____ DATA

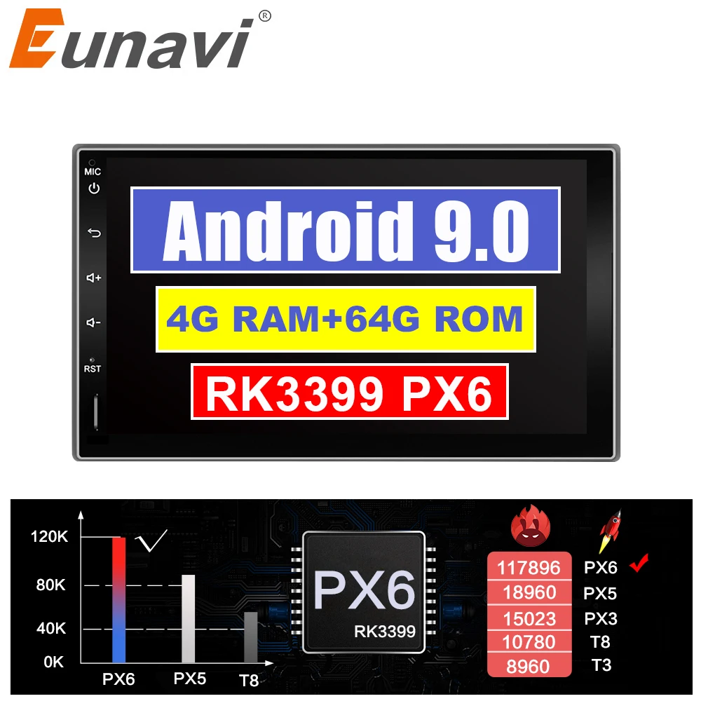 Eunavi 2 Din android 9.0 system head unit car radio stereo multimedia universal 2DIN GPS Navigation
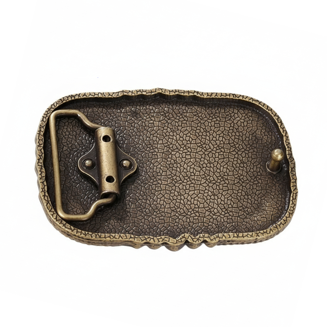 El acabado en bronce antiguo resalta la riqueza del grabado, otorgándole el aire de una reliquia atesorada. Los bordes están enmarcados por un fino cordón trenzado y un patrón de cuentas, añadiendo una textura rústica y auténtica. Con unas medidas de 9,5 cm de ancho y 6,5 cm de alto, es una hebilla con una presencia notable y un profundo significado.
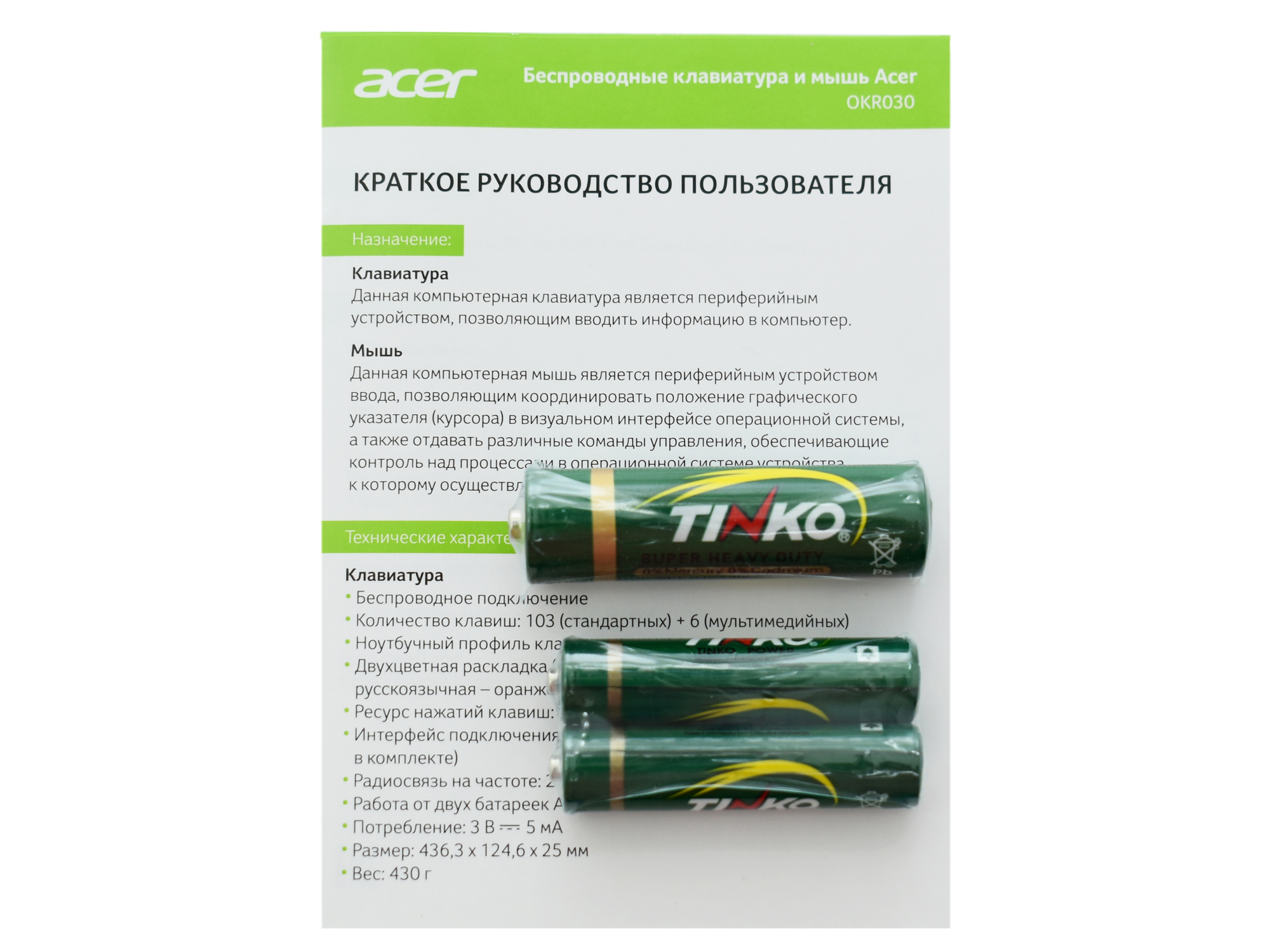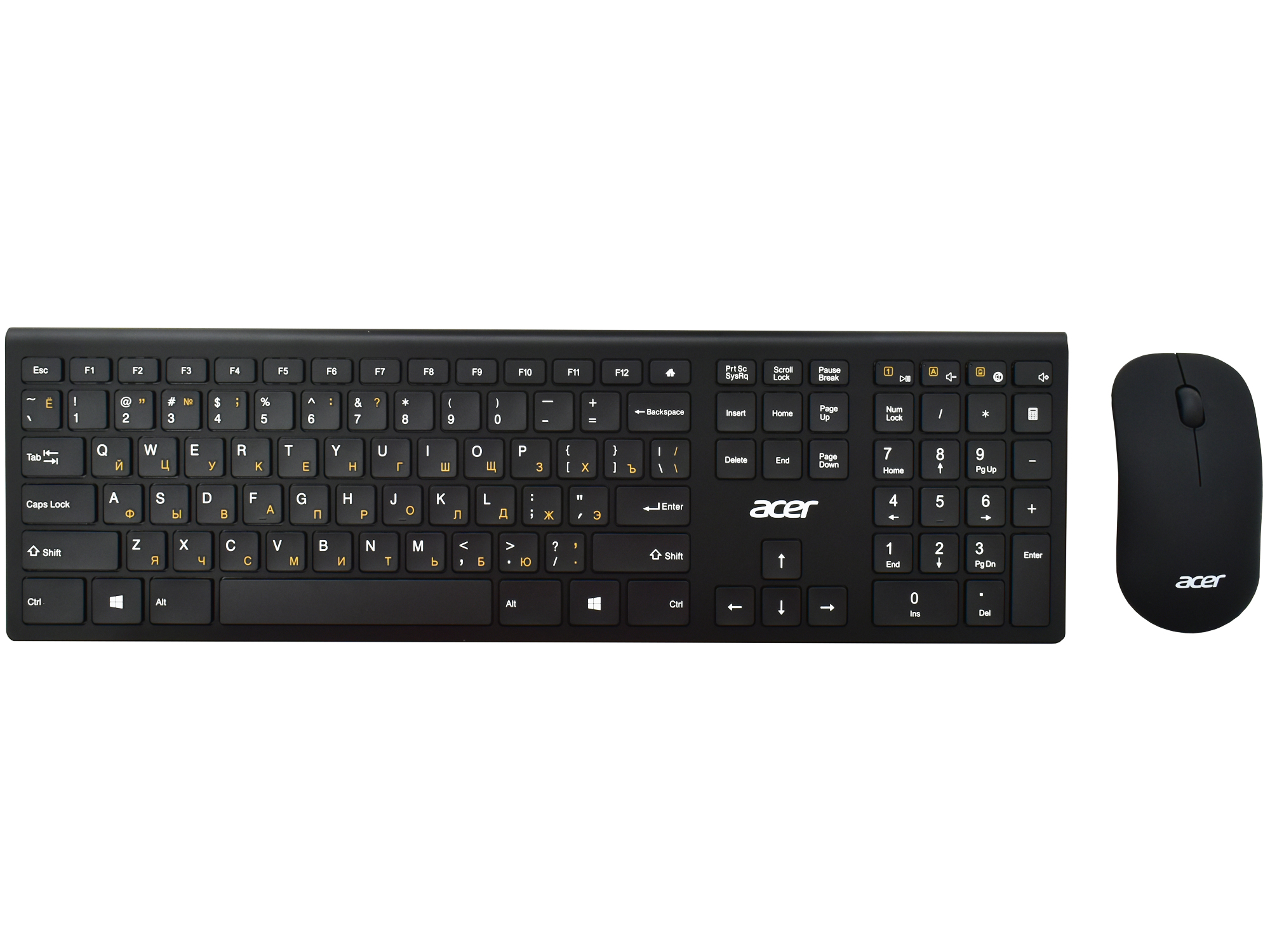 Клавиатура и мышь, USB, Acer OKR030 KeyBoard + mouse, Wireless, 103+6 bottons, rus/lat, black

________

▶ [WORK INSTRUCTION] Exact copy, no pictures: please print the data above once more.

▶ [TASK RESULT]
 Eunavi 2 Din android 9.0 system head unit car radio stereo multimedia universal 2DIN GPS Navigation
 El acabado en bronce antiguo resalta la riqueza del grabado, otorgándole el aire de una reliquia atesorada. Los bordes están enmarcados por un fino cordón trenzado y un patrón de cuentas, añadiendo una textura rústica y auténtica. Con unas medidas de 9,5 cm de ancho y 6,5 cm de alto, es una hebilla con una presencia notable y un profundo significado.
 Клавиатура и мышь, USB, Acer OKR030 KeyBoard + mouse, Wireless, 103+6 bottons, rus/lat, black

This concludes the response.